One wet early October afternoon she lay stretched out flat on her stomach on the bed, mouthing over the text of one of the bawdy illustrated books which he had given her to practice on, an English edition of Aretino's sonnets. Hearing the key turn in the lock and the door of the other room open, she called over her shoulder: "Michael? Come in here! I can't make this out—"
His voice, solemn for once, answered her. "Come here, nephew."
Thinking that he was playing some joke she leapt off the bed and ran to the doorway, but stopped on the threshold with a gasp of astonishment and dismay. For with him was an old man, a sour prim thin-nosed old gentleman with a forbidding scowl and a look of having been preserved in vinegar. Amber took a startled step backward and one hand went to the throat of her deeply opened white shirt, but it was too late. He could never mistake her for a boy now.
"You said that you were entertaining your nephew, sirrah!" said the old man sternly, drawing down his tufted brows and frowning back at Michael. "Where is he?"
"That is he, Mr. Gripenstraw," said Michael, respectfully, but nevertheless with an air of whimsical unconcern.
Mr. Gripenstraw looked at Amber again, over the tops of his square-cut green spectacles, and he screwed his mouth from side to side. Amber's hand dropped and she spoke to Michael, pleading.
"I'm sorry, Michael. I thought you were alone."
He made a gesture, motioning her into the bedroom, and she went, closing the door but standing next to it so that she could hear what was said between them. Oh, God in Heaven! she thought despairingly, rubbing the palms of her hands together. Now what will happen to me? What if he finds out who I— Then she heard Mr. Gripenstraw's voice again.
"Well, Mr. Godfrey—and what excuse have you to make this time?"
"None, sir."
"How long has this baggage been on your premises?"
"One month, sir."
"One month! Great God! Have you no respect for the ancient and honourable institution of English law? Because of my regard for your father I have overlooked many of your past misdemeanours, but this is beyond anything! If it were not for the honour and esteem in which I hold Sir Michael I would have you sent to the Fleet, to learn a better view of the conduct befitting a young man. As it is, sirrah, you are expelled. Never show me your face again. And get that creature out of here—within the hour!"
"Yes, sir. Thank you, sir."
The door opened. "Let me tell you this, sirrah—there is nothing a young man may get by wenching but duels, claps, and bastards. Good-day!" The door closed noisily.
Amber waited a moment and then flung open her own door. "Oh, Michael! You're expelled! And it's all my fault!"
She began to cry but he came swiftly across to take her into his arms. "Here, here, sweetheart! What the devil! We're well rid of this scurvy place. Come now, put on your hat and doublet and we'll find us lodgings where a man may live as he likes."
He took two rooms in an inn called the Hoops and Grapes, situated in St. Clement's Lane, which wound up out of Fleet Street. It was outside the City gates in the newer and more fashionable west-end of the town.

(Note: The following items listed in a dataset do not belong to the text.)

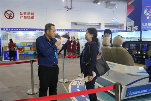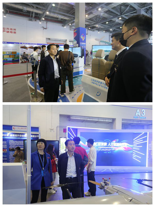 4月14-15日,江西高校第四届科技成果对接会在南昌绿地国际博览中心举行,学校以“创建中的江西飞行学院”为主题亮相成果对接会。校党委书记秦夏明,党委委员、副校长肖鸿晶到场参观指导。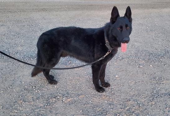 Zorro is our handsome solid black 80lb AKC German Shepherd. He is intelligent, friendly, full of energy, loves to play, and has solid nerves. Zorro comes from a pedigree of working titled dogs including numerous SchH3 titles and 3X WUSV World Champions.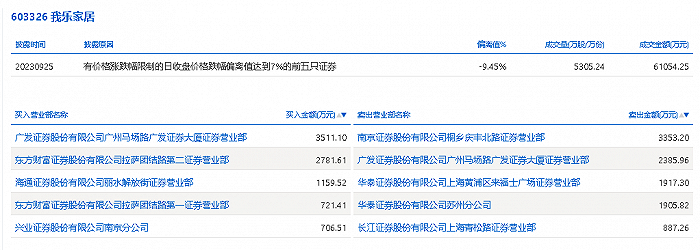 我乐家居9月25日跌停,龙虎榜数据显示,上榜营业部席位全天成交1.93亿元,占当日总成交金额比例为31.66%。其中,买入金额为8880.15万元,卖出金额为1.04亿元,合计净卖出1569.38万元。

Drury Lane was nearby, and Covent Garden, and not five minutes walk away was Gibbons Tennis Court in Vere Street, which had become the Theatre Royal.
He bought her some clothes, second-hand at first because she needed them immediately—though later she had some made—and she found herself precipitated into a whirl of gaiety and pleasure. She had met several of his friends while they were still at the Temple, but now she met many more. They were young men of good family, future barons and lords; officers in the King's or the Duke's guards; actors from one of the four public theatres. And she met, too, the women they kept, pretty girls who sold ribbons or gloves at the Royal Exchange, professed harlots, actresses, all of them wise and gay and no more than Amber's age—flowers that had bloomed since the Restoration.
They went to the theatres and sat in the pit where the women wore their masks and sucked on China oranges, bandying pleasantries with everyone in earshot. They went to the gambling-houses in the Haymarket and once Amber was thrown into a frenzy of excitement when a rumour swept through that the King was coming. But he did not and she was bitterly disappointed, for she had never forgotten his expression that day he had looked at her. They went to the New Spring Gardens at Lambeth and to the Mulberry Gardens, which was temporarily the height of fashion. They went to dinner at all the popular taverns, Lockets near Charing Cross which was always filled with young officers in their handsome uniforms, the Bear at the Bridgefoot, the notorious Dagger Tavern in High Holborn, a rough-and-tumble place that abounded in riots and noise but was famous for its fine pies. They went to see the puppet-play in Covent Garden, currently the resort of all the fashionable world. At night they often drove about town in a hackney, contesting as to who could break the most windows by throwing copper pennies through them.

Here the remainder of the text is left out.